SDDP iteratively builds piecewise-linear approximations $\hat{V}_t^k$ at iteration $k$ of the true value functions through:

Forward pass: Sample scenarios, make decisions using current approximation
Backward pass: Compute cuts to improve the approximation
Convergence check: Evaluate stopping criteria

flowchart TB
    FWD["<b>1. Forward Pass</b><br/><br/>Sample M scenario trajectories, stages 1…T<br/>Solve stage LPs under current cuts<br/>Record trial points, stage costs → UB<br/><i>MPI: allgatherv trial points + costs</i>"]
    BWD["<b>2. Backward Pass</b><br/><br/>For stages T → 1:<br/>Evaluate all N openings at each trial point<br/>Extract duals → aggregate 1 Benders cut<br/>Add cut to previous stage's LP<br/><i>MPI: allgatherv cuts per stage</i>"]
    CHK["<b>3. Stopping Rule Check</b><br/><br/>LB = ρ₀[Q₀(x₀, ω)]<br/>gap = (UB − LB) / max(1, |UB|)<br/>Check: gap ≤ tol · iter limit · stall"]
    CONV{"converged?"}
    DONE(["stopped"])

    FWD -->|trial points| BWD
    BWD -->|new cuts added| CHK
    CHK --> CONV
    CONV -->|no · k ← k+1| FWD
    CONV -->|yes| DONE

3.1 Forward Pass

The forward pass simulates the system under the current policy to generate trial points — the visited states that will be used by the backward pass to construct cuts.

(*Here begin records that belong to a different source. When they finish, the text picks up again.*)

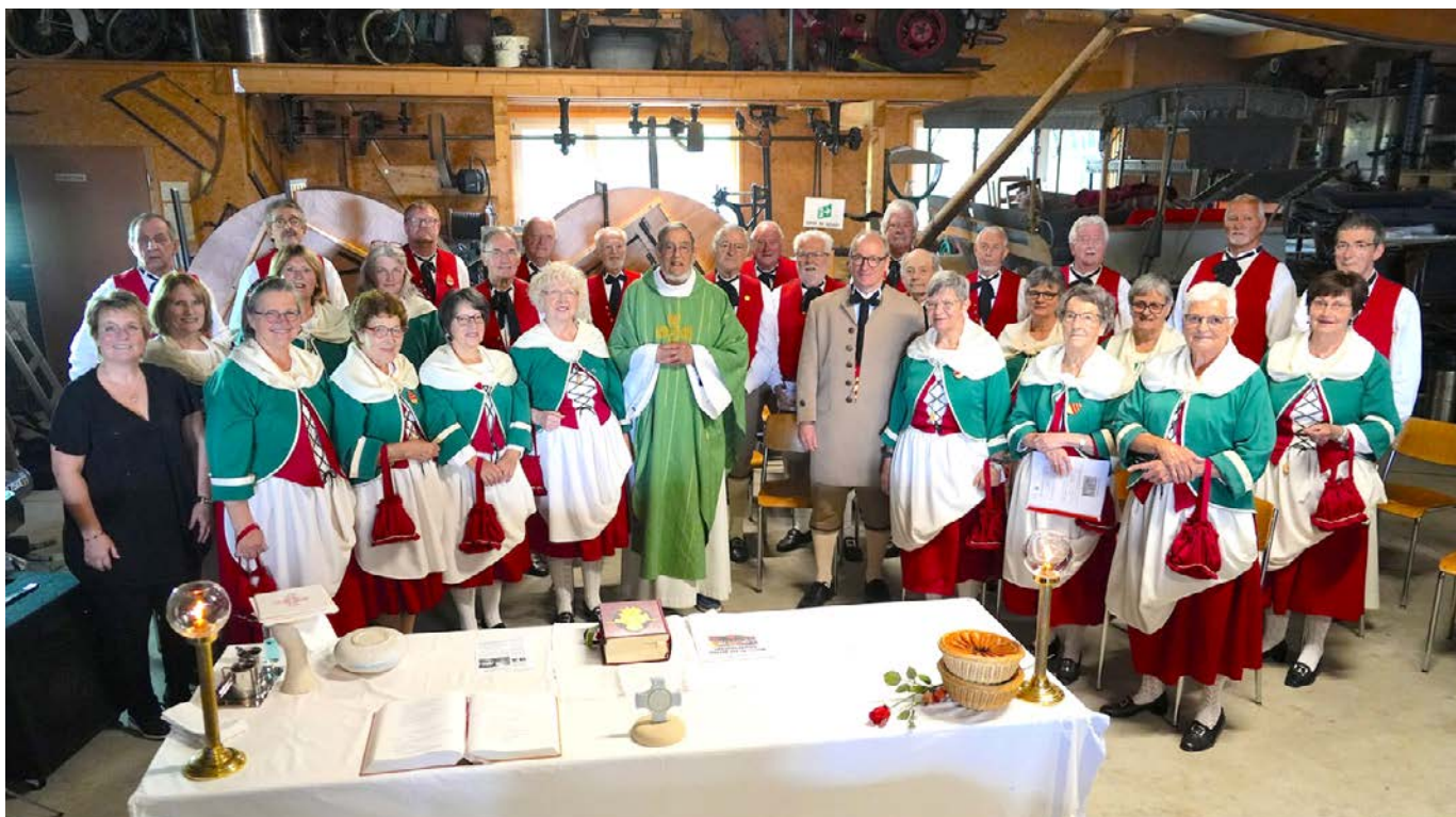
Une messe en patois: c'était le 7 juillet 2024 à Grandfontaine JU

Voici les temps forts de l'offre de RTSreligion durant l'Avent et les Fêtes de fin d'année:
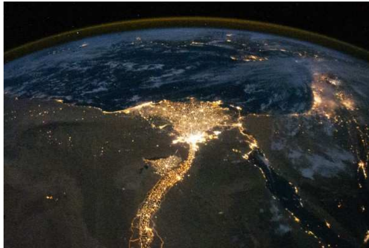
Egypt at night from the International Space Station in 2010.
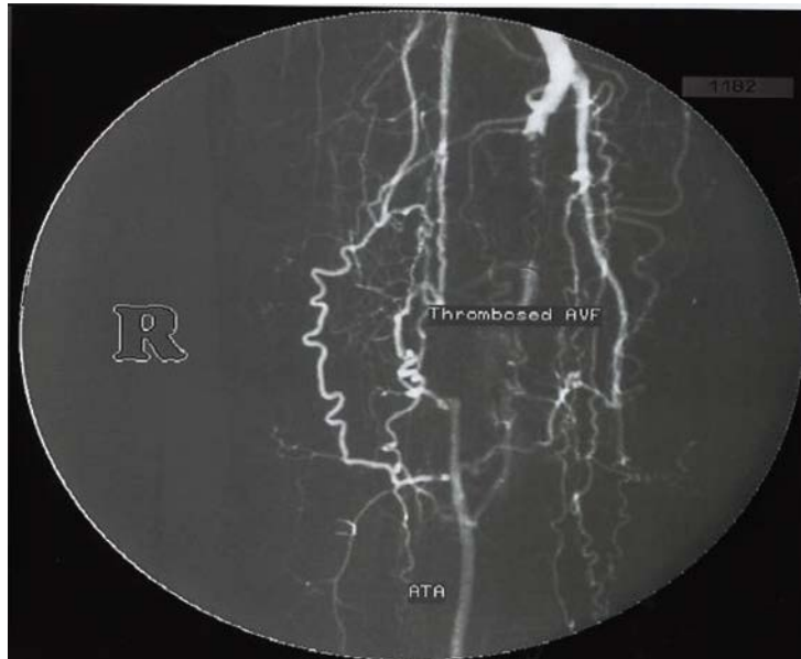
تصویر ۳. بسته شدن فیستول شریانی- وریدی پس از آمبولیزاسیون کامل

پس از چند دقیقه Coilها به صورت کامل در محل ترومبوزه شده و فیستول به صورت کامل بسته شد (تصویر ۳). بیمار دو هفته بعد مجدداً مراجعه نمود و علایم وی از قبیل تورم اندام، واریس، درد و احساس خستگی به صورت کامل بهبود یافته بود (تصویر ۴).
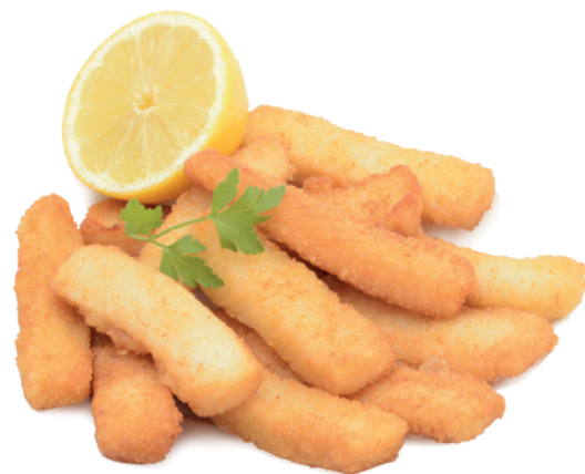
273 RABAS GRAN CHEF 2 Bolsas x 2 Kg
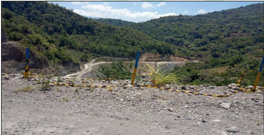
Foto lokasi observasi lapangan
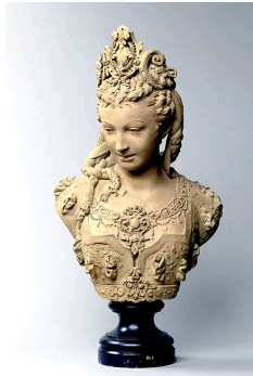
Carrier-Belleuse, Buste de femme portant un diadème, vers 1860-1870, Paris, Musée d'Orsay.

For each of $M$ independent scenario trajectories:

Start from the known initial state $x_0$ (initial storage volumes and inflow history)
At each stage $t = 1, \ldots, T$ , sample a scenario realization $\omega_t$ from the stage’s scenario set, then solve the stage LP using the incoming state $\hat{x}_{t-1}$ and the sampled scenario. The LP includes all current Benders cuts as constraints on the future cost variable $\theta$
Record the optimal state $\hat{x}_t$ (end-of-stage storage volumes and updated AR lags) as the trial point for stage $t$
Pass $\hat{x}_t$ as the incoming state to stage $t+1$

The forward pass produces: (a) trial points $\{\hat{x}_t\}$ at each stage for each trajectory, and (b) stage costs for upper bound estimation.

Parallelization: Forward trajectories are independent — Cobre distributes $M$ trajectories across MPI ranks, with threads solving individual stage LPs within each rank.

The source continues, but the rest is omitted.